[WHAT YOU ARE ASKED TO DO] Without reproducing any image, print the listing below exactly.

[COLLECTED MATERIAL]

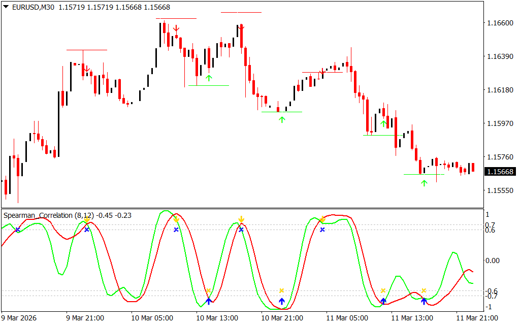 The Spearman Correlation Indicator for MT4 is a robust tool for trading trend reversals with greater accuracy. With its visual price bars, signal arrows, and almost lag-free performance, it helps traders spot profitable market entries in both bullish and bearish trends.
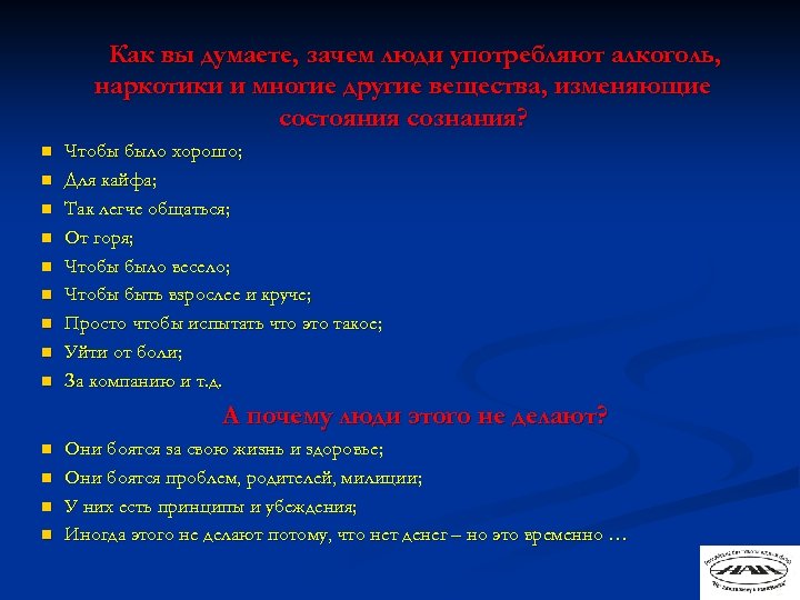 Как вы думаете, зачем люди употребляют алкоголь, наркотики и многие другие вещества, изменяющие состояния сознания? n n n n n Чтобы было хорошо; Для кайфа; Так легче общаться; От горя; Чтобы было весело; Чтобы быть взрослее и круче; Просто чтобы испытать что это такое; Уйти от боли; За компанию и т. д. А почему люди этого не делают? n n Они боятся за свою жизнь и здоровье; Они боятся проблем, родителей, милиции; У них есть принципы и убеждения; Иногда этого не делают потому, что нет денег – но это временно …
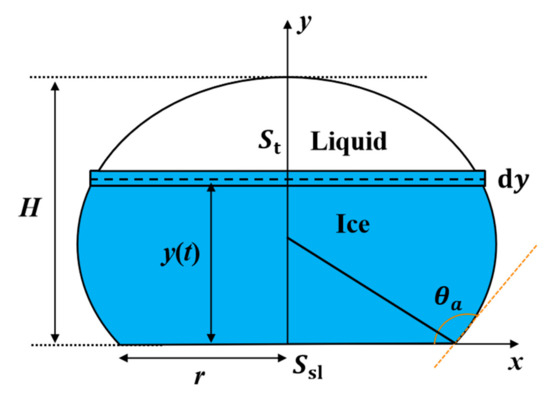 Energy transport between the droplet and the substrate mainly includes heat conduction through the ice layer, which grows along the direction of the positive y-axis, as shown in Figure 8. When the temperature is low, the sensible heat of droplet temperature changes, and heat convection and radiation with the environment are negligible. For a smooth surface, the drop phase change heat transfer rate () at a height of ice satisfies:
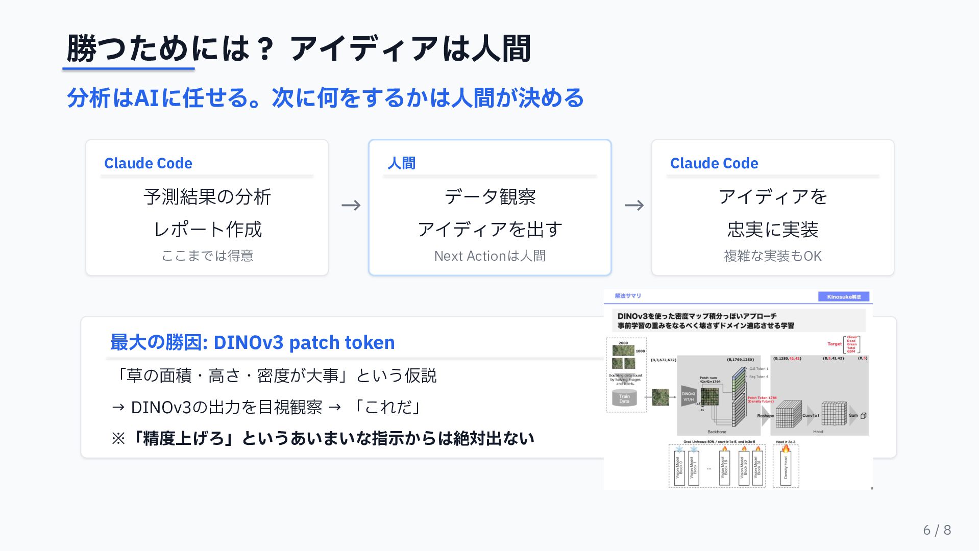 ここまでは得意 → ⼈間 データ観察 アイディアを出す Next Actionは⼈間 → Claude Code アイディアを 忠実に実装 複雑な実装もOK 最⼤の勝因: DINOv3 patch token 「草の⾯積・⾼さ・密度が⼤事」という仮説 → DINOv3の出⼒を⽬視観察 → 「これだ」 ※「精度上げろ」というあいまいな指⽰からは絶対出ない

[ANSWER BOX]
 The Spearman Correlation Indicator for MT4 is a robust tool for trading trend reversals with greater accuracy. With its visual price bars, signal arrows, and almost lag-free performance, it helps traders spot profitable market entries in both bullish and bearish trends.
 Как вы думаете, зачем люди употребляют алкоголь, наркотики и многие другие вещества, изменяющие состояния сознания? n n n n n Чтобы было хорошо; Для кайфа; Так легче общаться; От горя; Чтобы было весело; Чтобы быть взрослее и круче; Просто чтобы испытать что это такое; Уйти от боли; За компанию и т. д. А почему люди этого не делают? n n Они боятся за свою жизнь и здоровье; Они боятся проблем, родителей, милиции; У них есть принципы и убеждения; Иногда этого не делают потому, что нет денег – но это временно …
 Energy transport between the droplet and the substrate mainly includes heat conduction through the ice layer, which grows along the direction of the positive y-axis, as shown in Figure 8. When the temperature is low, the sensible heat of droplet temperature changes, and heat convection and radiation with the environment are negligible. For a smooth surface, the drop phase change heat transfer rate () at a height of ice satisfies:
 ここまでは得意 → ⼈間 データ観察 アイディアを出す Next Actionは⼈間 → Claude Code アイディアを 忠実に実装 複雑な実装もOK 最⼤の勝因: DINOv3 patch token 「草の⾯積・⾼さ・密度が⼤事」という仮説 → DINOv3の出⼒を⽬視観察 → 「これだ」 ※「精度上げろ」というあいまいな指⽰からは絶対出ない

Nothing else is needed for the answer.